(Host) Commentator Dick Mallary is looking forward to the next session of the state legislature, when he says that tax fairness will once again be on the agenda.
(Mallary) In the early months of this year, at the Tax Department, I again had a chance to give serious thought to the Vermont tax system. Although taxes in Vermont are relatively high by national norms, we have a reasonably balanced system of taxes with taxes resting on the three traditional bases of income, property and consumption.
Experts tell us that the necessary characteristics of a good tax system are efficiency, neutrality and equity. The public, however, tends to judge taxes on its concept of equity. Do people believe that taxes are fair? Do they believe that they are being asked to pay more than their fair share?
Most people think that equity or fairness in taxation means that the taxes they must pay should depend upon their ability to pay them. Vermont’s tax code, like most others, is very complex, but it does its best to achieve fairness through the diversity of taxes and its provisions to make each tax reflect ability to pay.
The income tax does this by not taxing those with the lowest incomes at all and having graduated rates so that those with higher incomes pay a higher percentage of their income. The sales tax does this since it is not imposed on food or pharmaceuticals or some other basic necessities.
The property tax is imposed at a uniform rate on the fair market value of all property, but it attempts to achieve fairness with income sensitivity provisions so that owners of a home need only pay a limited percentage of their income in property taxes on their homesteads. This seems to be a fair and reasonable provision, but Vermont has carried it to an unreasonable extreme, unmatched by any other state.
Under the Vermont system, there is no limit to the size or value of the home that can escape the full burden of taxes as a result of state rebates to the homeowner. In the past year, the Tax Department sent out tax rebate checks of up to and above $20,000 each to homeowners with homesteads valued at more than a million dollars.
This seems to me to raise some very serious policy issues: Should a person’s ability to pay taxes be measured only by that person’s income in any one year, or should it also consider the person’s wealth? Is it reasonable to expect all Vermont taxpayers to pay more taxes so that we can reduce the normal tax burden on homesteads worth many times the value of the average home in Vermont? In other words, should the State of Vermont tax the rest of its citizens so that some citizens can live in homes that they can’t afford?

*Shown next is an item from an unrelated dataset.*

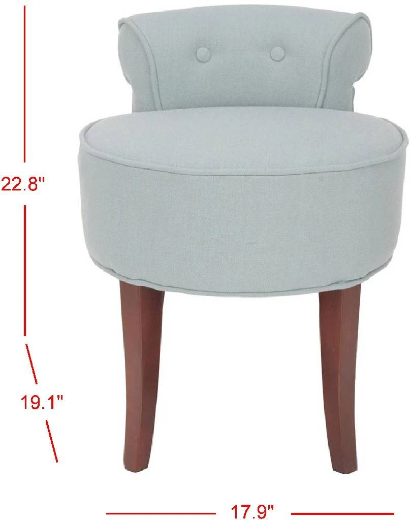 The adorable Georgia vanity chair is petite enough to tuck in a or , and brimming with feminine style. Graceful cherry mahogany-toned birch wood legs, deep seat and diminutive button tufted back are designed for indulgent comfort. Upholstered with silver blue polyester/viscose blend fabric with self-welting for a decorator touch. To prevent overall soiling, frequent vacuuming or light brushing is recommended. Cushions and pillows should be turned on a weekly basis. Down-filled cushions should be brushed rather than vacuumed. Spot clean, using a mild water-free solvent or dry cleaning product. Only a professional cleaner should undertake a complete overall cleaning. The use of steam or water-based cleaners may cause excessive shrinking or staining.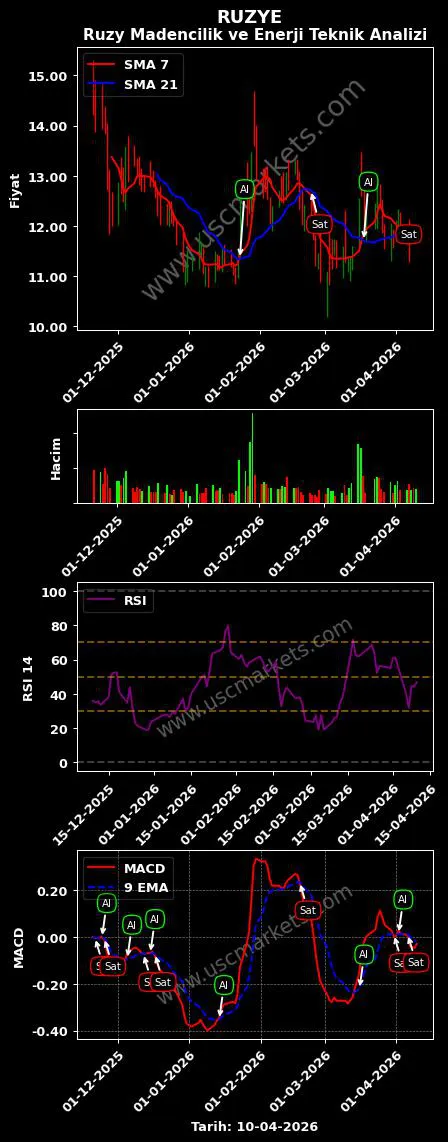 - RUZYE teknik analizi 14-periyotlu RSI göstergesi en son bir 'Sat' sinyali üretmiştir.

I think that the answer is no, and I believe that reasonable limits on the extent to which some property wealthy citizens can avoid paying their share of taxes should be imposed by the legislature, when it next revisits the school funding formulas.
This is Dick Mallary in Brookfield.
Dick Mallary has served extensively in state government and is a former U.S. Congressman from Vermont. He spoke from our studio in Norwich.